Materials and methods

Patients

Patients were consecutively treated at Department of Oncology, National University Hospital, Copenhagen, Denmark, from January 2001 to September 2004. Information on patient and tumour specific characteristics was obtained from surgical, pathological and oncological records. Data on survival were obtained from the national Central Registry on death recording. The local research ethical committee approved this study.

Diagnostics and toxicity assessment

Data on surgical procedures and pathologic characteristics of tumour staging and grading were obtained for all patients. Blood count measurements, blood biochemistry, weight and toxicity evaluations were assessed at baseline and after each chemotherapy course. Electrocardiography was done at inclusion and when indicated by cardiac symptoms. Toxicity evaluations were graded according to Common Toxicity Criteria (CTC) version 2.0. Disease status, as assessed by bidimensional measurements of tumour lesions according to standard WHO response criteria, was done at least every three treatment courses, unless clinical symptoms suggestive of disease progression indicated preterm evaluation. Disease status was reassessed more than 4 weeks apart.

Treatment

The criteria for allocation to the regimens were based on the guidelines of the department. According to which first line palliative chemotherapy of inoperable colorectal cancer was intercurrently shifted in July 2003 and on from capecitabine 1250 mg/m² bid for two weeks every three weeks as monotherapy, to capecitabine 1250 mg/m² bid for two weeks every three weeks in addition to oxaliplatin 130 mg/m² on day one (XELOX). Toxicity of grade 3 or 4 other than alopecia led to dose reduction or termination of treatment.

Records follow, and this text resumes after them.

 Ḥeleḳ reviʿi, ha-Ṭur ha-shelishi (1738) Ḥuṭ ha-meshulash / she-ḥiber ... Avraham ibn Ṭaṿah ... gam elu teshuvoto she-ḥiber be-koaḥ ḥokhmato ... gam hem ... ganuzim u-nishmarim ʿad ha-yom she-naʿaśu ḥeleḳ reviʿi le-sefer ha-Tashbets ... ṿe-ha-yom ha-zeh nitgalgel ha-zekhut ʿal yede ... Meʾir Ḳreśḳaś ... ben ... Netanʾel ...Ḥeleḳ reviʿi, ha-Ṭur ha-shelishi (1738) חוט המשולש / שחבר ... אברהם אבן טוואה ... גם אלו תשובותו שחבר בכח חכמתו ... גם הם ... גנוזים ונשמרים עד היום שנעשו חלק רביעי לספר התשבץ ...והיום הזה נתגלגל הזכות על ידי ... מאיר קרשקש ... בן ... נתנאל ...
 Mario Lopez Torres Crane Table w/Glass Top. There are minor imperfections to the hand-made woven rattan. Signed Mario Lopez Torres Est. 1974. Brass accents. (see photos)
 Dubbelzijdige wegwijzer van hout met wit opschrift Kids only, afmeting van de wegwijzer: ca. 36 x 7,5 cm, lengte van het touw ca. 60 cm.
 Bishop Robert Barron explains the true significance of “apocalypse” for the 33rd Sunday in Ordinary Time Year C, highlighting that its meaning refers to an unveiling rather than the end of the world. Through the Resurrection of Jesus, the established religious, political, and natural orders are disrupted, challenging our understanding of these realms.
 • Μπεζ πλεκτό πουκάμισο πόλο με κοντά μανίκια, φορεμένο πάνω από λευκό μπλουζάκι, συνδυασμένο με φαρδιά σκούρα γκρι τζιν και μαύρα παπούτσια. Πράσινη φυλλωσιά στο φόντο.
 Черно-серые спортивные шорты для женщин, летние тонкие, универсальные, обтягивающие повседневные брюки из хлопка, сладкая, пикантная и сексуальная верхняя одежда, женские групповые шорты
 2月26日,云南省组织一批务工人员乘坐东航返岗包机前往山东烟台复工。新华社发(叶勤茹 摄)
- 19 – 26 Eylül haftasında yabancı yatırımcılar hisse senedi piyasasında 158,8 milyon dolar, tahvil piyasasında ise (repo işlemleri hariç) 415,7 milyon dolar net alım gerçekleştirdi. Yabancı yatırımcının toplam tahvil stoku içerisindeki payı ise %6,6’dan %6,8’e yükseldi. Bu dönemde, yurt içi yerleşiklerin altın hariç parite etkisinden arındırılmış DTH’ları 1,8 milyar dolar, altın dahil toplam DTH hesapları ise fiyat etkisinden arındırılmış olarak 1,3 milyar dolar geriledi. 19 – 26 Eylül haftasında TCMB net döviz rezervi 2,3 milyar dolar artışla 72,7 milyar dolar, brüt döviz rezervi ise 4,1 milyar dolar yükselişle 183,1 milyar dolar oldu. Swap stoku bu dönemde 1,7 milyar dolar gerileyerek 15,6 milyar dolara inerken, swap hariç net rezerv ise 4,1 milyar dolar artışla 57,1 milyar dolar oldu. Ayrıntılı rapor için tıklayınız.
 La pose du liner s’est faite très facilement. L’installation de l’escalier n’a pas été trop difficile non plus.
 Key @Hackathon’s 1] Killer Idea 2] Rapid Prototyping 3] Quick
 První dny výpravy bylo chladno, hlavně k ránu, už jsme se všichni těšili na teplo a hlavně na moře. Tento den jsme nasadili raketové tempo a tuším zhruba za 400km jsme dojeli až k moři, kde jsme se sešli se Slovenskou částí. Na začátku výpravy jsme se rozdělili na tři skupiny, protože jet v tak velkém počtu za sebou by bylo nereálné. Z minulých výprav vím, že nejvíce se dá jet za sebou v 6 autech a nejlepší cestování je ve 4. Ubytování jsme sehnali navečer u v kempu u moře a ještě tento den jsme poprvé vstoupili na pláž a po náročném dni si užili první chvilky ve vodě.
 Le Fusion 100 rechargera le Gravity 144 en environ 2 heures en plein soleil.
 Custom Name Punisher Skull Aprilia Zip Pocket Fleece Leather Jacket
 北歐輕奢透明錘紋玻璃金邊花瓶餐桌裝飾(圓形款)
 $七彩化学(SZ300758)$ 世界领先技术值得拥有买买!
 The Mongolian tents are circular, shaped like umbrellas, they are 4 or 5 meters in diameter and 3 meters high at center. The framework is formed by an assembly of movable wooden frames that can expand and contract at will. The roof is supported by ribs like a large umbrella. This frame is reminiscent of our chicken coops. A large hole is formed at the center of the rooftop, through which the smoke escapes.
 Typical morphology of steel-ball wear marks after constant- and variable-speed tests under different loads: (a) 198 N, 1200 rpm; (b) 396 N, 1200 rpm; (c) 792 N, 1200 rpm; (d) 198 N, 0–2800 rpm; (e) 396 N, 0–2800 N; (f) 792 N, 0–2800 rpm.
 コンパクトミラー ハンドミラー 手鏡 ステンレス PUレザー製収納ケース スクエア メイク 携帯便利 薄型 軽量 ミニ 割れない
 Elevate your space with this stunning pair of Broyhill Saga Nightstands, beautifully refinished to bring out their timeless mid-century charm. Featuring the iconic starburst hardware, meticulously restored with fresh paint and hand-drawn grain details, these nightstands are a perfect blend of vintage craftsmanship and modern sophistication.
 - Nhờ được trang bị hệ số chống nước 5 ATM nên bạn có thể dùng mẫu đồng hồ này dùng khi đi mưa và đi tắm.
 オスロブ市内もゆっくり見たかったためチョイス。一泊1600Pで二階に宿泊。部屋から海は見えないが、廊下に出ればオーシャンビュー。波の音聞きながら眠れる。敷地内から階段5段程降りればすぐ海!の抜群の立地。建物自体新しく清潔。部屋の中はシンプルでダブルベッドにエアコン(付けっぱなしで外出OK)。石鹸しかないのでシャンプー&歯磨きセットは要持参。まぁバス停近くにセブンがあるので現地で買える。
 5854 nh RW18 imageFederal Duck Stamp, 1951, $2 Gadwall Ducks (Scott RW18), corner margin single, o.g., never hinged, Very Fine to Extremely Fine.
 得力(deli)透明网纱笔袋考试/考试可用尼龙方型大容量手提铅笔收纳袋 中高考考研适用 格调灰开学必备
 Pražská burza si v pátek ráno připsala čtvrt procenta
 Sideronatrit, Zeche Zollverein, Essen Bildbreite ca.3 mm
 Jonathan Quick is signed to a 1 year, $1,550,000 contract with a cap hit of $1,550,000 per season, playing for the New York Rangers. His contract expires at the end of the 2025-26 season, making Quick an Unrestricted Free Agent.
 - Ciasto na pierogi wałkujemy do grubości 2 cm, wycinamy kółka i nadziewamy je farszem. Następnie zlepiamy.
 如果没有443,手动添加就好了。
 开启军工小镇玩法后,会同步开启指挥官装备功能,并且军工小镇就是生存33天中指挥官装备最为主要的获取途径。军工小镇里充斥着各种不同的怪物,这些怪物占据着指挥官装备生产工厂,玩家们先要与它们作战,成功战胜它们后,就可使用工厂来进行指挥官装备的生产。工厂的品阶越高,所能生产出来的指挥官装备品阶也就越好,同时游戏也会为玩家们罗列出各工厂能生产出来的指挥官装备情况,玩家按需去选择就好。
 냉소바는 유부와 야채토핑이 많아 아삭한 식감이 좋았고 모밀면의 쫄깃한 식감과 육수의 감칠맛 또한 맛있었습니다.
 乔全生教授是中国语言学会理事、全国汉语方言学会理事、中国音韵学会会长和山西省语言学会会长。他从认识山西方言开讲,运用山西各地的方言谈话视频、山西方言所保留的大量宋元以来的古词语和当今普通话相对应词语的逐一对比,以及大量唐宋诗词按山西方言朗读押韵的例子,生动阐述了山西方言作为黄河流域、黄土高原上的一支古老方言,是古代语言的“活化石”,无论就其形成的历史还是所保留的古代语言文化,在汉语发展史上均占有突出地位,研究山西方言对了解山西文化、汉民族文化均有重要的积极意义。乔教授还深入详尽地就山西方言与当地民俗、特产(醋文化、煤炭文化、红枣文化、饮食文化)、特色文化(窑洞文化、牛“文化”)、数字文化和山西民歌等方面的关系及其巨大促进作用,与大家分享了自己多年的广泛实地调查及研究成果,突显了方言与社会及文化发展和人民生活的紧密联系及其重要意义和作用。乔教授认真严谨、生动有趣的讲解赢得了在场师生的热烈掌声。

Study objectives and statistical analysis

Primary objectives of the study were to compare capecitabine or XELOX treated patients using age cut-off 70 years, and capecitabine treated patients using age cut-off 75 years, with respect to progression free survival and overall survival times, response rates, biochemical function tests, Eastern Cooperative Oncology Group (ECOG) performance status and weight change, tolerable dose, and number of treatment courses received. Secondary objectives were to compare by age group the tumour characteristics and prognostic factors at baseline.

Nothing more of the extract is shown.